##### Records provided

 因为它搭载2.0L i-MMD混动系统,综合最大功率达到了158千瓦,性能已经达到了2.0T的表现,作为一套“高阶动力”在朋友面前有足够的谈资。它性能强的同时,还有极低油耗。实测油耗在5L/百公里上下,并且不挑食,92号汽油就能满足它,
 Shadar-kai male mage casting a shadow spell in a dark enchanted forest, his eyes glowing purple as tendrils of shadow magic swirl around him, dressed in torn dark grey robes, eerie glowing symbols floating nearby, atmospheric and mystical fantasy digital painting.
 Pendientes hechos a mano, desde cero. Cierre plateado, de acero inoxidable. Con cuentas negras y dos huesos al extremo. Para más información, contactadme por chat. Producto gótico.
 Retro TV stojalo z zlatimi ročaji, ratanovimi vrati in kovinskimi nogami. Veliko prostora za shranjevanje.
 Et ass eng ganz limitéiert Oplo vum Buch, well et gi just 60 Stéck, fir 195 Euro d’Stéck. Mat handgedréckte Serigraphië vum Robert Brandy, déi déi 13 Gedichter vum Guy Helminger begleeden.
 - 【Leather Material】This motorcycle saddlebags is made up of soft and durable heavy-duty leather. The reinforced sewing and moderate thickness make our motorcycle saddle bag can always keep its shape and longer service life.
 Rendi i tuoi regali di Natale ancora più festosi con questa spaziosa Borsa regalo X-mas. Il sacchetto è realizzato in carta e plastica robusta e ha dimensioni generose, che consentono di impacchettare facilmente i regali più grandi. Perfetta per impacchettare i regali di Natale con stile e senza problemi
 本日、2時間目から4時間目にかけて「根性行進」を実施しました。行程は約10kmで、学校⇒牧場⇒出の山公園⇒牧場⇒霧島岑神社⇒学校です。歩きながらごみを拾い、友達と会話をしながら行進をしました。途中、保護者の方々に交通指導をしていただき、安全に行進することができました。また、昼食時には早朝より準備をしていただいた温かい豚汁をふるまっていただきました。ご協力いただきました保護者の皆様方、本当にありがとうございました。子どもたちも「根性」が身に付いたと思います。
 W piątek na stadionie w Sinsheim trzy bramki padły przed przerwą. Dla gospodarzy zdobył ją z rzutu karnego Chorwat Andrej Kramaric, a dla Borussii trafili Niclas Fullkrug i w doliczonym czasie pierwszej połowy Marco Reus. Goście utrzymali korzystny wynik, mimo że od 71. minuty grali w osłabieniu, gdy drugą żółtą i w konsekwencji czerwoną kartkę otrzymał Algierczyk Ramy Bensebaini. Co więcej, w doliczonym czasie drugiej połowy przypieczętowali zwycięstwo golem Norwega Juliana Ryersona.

##########

### Problem
The full set of data above must come back exactly as written.

### Solution
 因为它搭载2.0L i-MMD混动系统,综合最大功率达到了158千瓦,性能已经达到了2.0T的表现,作为一套“高阶动力”在朋友面前有足够的谈资。它性能强的同时,还有极低油耗。实测油耗在5L/百公里上下,并且不挑食,92号汽油就能满足它,
 Shadar-kai male mage casting a shadow spell in a dark enchanted forest, his eyes glowing purple as tendrils of shadow magic swirl around him, dressed in torn dark grey robes, eerie glowing symbols floating nearby, atmospheric and mystical fantasy digital painting.
 Pendientes hechos a mano, desde cero. Cierre plateado, de acero inoxidable. Con cuentas negras y dos huesos al extremo. Para más información, contactadme por chat. Producto gótico.
 Retro TV stojalo z zlatimi ročaji, ratanovimi vrati in kovinskimi nogami. Veliko prostora za shranjevanje.
 Et ass eng ganz limitéiert Oplo vum Buch, well et gi just 60 Stéck, fir 195 Euro d’Stéck. Mat handgedréckte Serigraphië vum Robert Brandy, déi déi 13 Gedichter vum Guy Helminger begleeden.
 - 【Leather Material】This motorcycle saddlebags is made up of soft and durable heavy-duty leather. The reinforced sewing and moderate thickness make our motorcycle saddle bag can always keep its shape and longer service life.
 Rendi i tuoi regali di Natale ancora più festosi con questa spaziosa Borsa regalo X-mas. Il sacchetto è realizzato in carta e plastica robusta e ha dimensioni generose, che consentono di impacchettare facilmente i regali più grandi. Perfetta per impacchettare i regali di Natale con stile e senza problemi
 本日、2時間目から4時間目にかけて「根性行進」を実施しました。行程は約10kmで、学校⇒牧場⇒出の山公園⇒牧場⇒霧島岑神社⇒学校です。歩きながらごみを拾い、友達と会話をしながら行進をしました。途中、保護者の方々に交通指導をしていただき、安全に行進することができました。また、昼食時には早朝より準備をしていただいた温かい豚汁をふるまっていただきました。ご協力いただきました保護者の皆様方、本当にありがとうございました。子どもたちも「根性」が身に付いたと思います。
 W piątek na stadionie w Sinsheim trzy bramki padły przed przerwą. Dla gospodarzy zdobył ją z rzutu karnego Chorwat Andrej Kramaric, a dla Borussii trafili Niclas Fullkrug i w doliczonym czasie pierwszej połowy Marco Reus. Goście utrzymali korzystny wynik, mimo że od 71. minuty grali w osłabieniu, gdy drugą żółtą i w konsekwencji czerwoną kartkę otrzymał Algierczyk Ramy Bensebaini. Co więcej, w doliczonym czasie drugiej połowy przypieczętowali zwycięstwo golem Norwega Juliana Ryersona.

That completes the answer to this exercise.